Only the lines below between the ones containing "Khu đất đã xây" and "A colisão foi", inclusive, are to be reproduced, each exactly as it stands.

Recorded data

==================================================

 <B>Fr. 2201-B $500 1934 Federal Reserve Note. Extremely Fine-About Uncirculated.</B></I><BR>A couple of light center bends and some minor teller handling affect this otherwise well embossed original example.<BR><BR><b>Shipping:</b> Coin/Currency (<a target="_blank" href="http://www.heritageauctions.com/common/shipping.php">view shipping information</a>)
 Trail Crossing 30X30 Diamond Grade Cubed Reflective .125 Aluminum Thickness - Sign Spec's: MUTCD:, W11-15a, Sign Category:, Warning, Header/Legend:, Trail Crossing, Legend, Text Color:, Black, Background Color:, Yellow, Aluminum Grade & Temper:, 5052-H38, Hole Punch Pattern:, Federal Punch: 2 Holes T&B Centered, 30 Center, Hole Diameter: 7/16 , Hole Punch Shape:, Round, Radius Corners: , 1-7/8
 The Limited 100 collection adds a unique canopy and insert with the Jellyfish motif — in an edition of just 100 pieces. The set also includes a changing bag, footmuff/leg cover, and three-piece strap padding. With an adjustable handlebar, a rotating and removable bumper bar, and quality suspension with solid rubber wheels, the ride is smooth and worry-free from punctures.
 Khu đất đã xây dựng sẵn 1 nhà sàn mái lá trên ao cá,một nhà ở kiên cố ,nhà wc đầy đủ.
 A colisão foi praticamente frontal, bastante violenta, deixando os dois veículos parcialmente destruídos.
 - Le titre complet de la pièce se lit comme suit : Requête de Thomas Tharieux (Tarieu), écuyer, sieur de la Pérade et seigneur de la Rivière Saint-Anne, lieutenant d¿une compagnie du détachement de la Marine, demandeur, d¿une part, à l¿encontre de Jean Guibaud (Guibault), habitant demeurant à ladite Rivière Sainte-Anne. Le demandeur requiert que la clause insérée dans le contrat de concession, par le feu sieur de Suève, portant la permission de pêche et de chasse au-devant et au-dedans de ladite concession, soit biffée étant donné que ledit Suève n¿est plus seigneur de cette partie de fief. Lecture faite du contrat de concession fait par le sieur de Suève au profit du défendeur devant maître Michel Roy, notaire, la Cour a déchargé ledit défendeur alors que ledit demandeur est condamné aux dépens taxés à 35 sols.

==================================================

TASK RESULT -
 Khu đất đã xây dựng sẵn 1 nhà sàn mái lá trên ao cá,một nhà ở kiên cố ,nhà wc đầy đủ.
 A colisão foi praticamente frontal, bastante violenta, deixando os dois veículos parcialmente destruídos.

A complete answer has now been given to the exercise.